公園の砂場では、いつの時代も子どもたちは砂いじりに夢中になる。

 一方、日本海に面した巨大な砂場では、世界から集った彫刻家たちが砂のかたまりを彫り刻み、アート作品に仕上げる。

 気の遠くなるような歳月がつくり出した自然の造形美、鳥取砂丘。そこに、人が生み出す造形美が並ぶ「砂の美術館」はある。

 吹き抜けの展示室に足を踏み入れると、いまはフランスの華やかな空気に包まれる。4月19日から始まった展示「砂で世界旅行・フランス編」。今夏のパリ五輪・パラリンピックにちなみ、フランスの歴史と芸術文化にスポットをあてた18点の砂像が来場者を迎える。
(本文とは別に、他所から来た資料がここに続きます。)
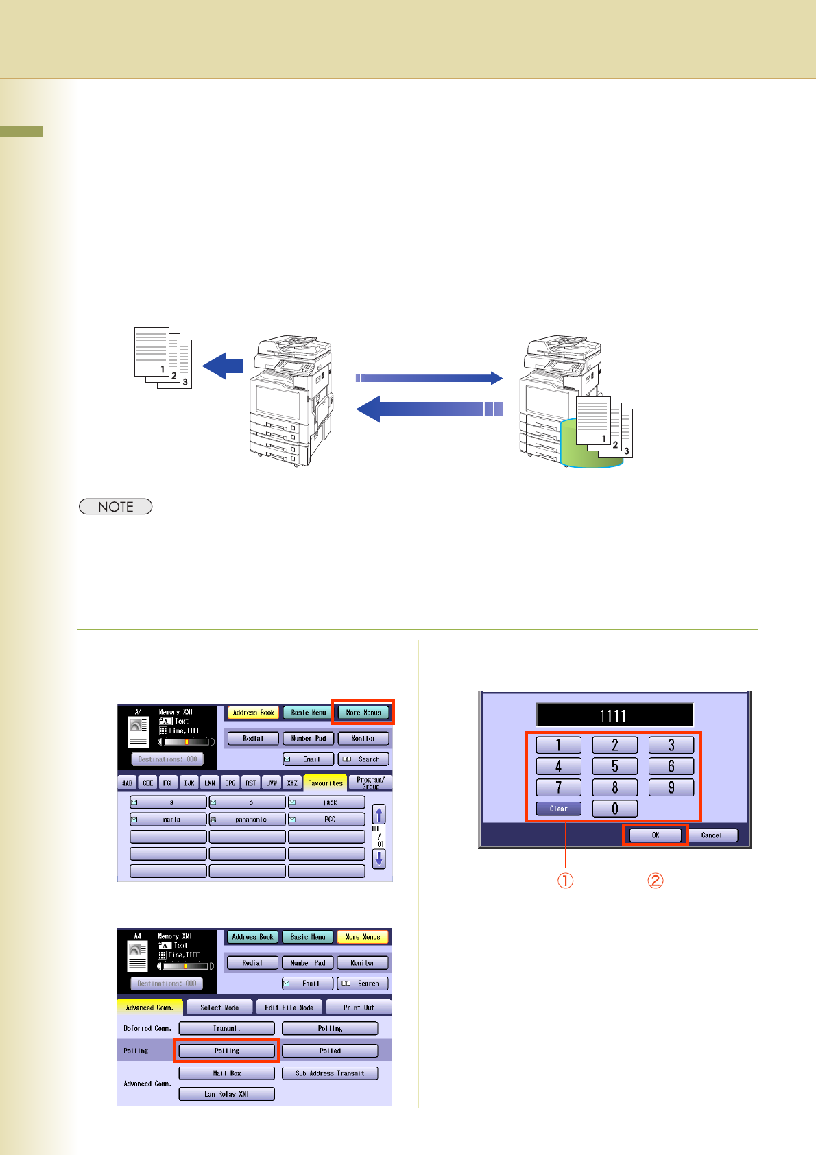 z If a password is not set in the polled station, you may poll the other station even though your machine has a

 幅約22メートル、高さ約5メートルの「ヴェルサイユ宮殿」、約20分の1のスケールの「ノートルダム大聖堂」、ナポレオンが皇帝に即位した「戴冠(たいかん)式」の場面。ぼうぜんとするほどのスケールと、人物の髪のうねりや衣服のひだも丁寧に再現された精巧な作品に、香港から旅行で訪れた40代の女性は「砂でできていることが信じられない。とても美しい」とため息をついた。
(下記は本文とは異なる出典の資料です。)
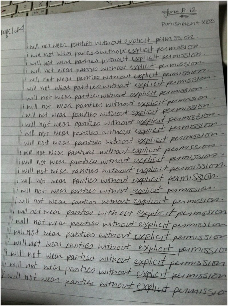This unfortunate submissive learned the hard way: wearing panties in her relationship is a privilege, not a right! How sore do we think her bottom was while she sat on a hard kitchen chair writing these out?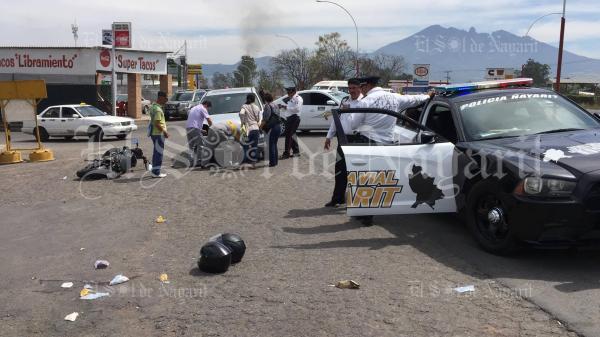 Dos personas lesionadas fue el saldo de un aparatoso choque ocurrido la mañana de este lunes en el carretero libramiento de Tepic. Fue a la altura de la colonia Miguel Hidalgo, frente a la gasolinera de la CTM, donde la motocicleta de la marca Bajaj, tipo pulsar, color negro, conducida por Ceci...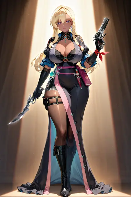 프릴 장식 소매, 짧은 소매, 손목 리본, 빨간 리본, 팔꿈치 장갑, 검은 장갑, 사이드 슬리트 드레스, 프릴 드레스, 긴 드레스, 허리 벨트, 분홍색 벨트, 분홍색 가방, 허리에 착용한 책, 미니쇼츠, 검은 쇼츠, 갈색 팬티스타킹, 허벅지 스트랩, 허벅지 홀스터, 시험관 홀스터, 무릎 부츠, 하이힐 부츠, 검은 하이힐,
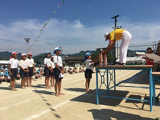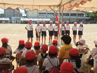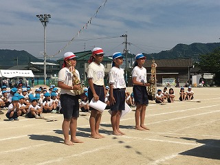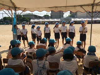 | ☆5月28日(日)② 〇全校児童265名、力を出し切った運動会! ・大会スローガンのように、みんな笑顔で、最後まであきらめず、一生懸命がんばりました。 ・赤団、青団それぞれが心を一つにして、やりきった素晴らしい運動会でした。 【閉会式;今年の優勝は青団でした】 ★運動会の詳しい様子は、明日の植柳小ホームページでお知らせします。 |

 鳥取砂丘をもっとPRしようと、鳥取市が2006年に砂の彫刻を屋外に展示するプロジェクトを始めたのが「砂の美術館」の始まりだ。大型テントでの展示を経て、12年に屋内施設になった。「砂で世界旅行」をコンセプトに、ほぼ毎年テーマを替えて世界各地の建造物や歴史などを砂で表現している。

 作品作りに使われる砂の量は約3千トン。のりや凝固剤は用いず、水だけで固めた砂のブロックを彫って砂像がつくられる。フランス編に参加した砂像彫刻家は、欧米や韓国など12カ国の計20人。総合プロデューサーの茶圓(ちゃえん)勝彦さん(63)は「圧倒的な迫力と超一流の繊細な技術。その両方の魅力を感じてもらえれば」と話す。

 会期が終われば作品はすべて崩され、もとの砂にかえる。そして次のテーマの展示で、また新たな作品に生まれ変わる。「残らないはかなさが砂像の魅力」と茶圓さん。

 いま出会える砂像は、次に訪れた時、もうそこにはないかもしれない。そのかわりに別の砂像と出会えるだろう。

 砂色の世界は、はかないけれど持続可能だ。(富田祥広)

 〈メモ〉鳥取市福部町湯山2083の17。JR鳥取駅からバスで約20分。車では山陰道・鳥取道鳥取インターチェンジから約20分。フランス編の展示は来年1月5日まで(年末年始を含めて無休)。開館時間は午前9時~午後6時。入館料は一般800円、小中高生400円。団体割引もある。問い合わせは同館(0857・20・2231)へ。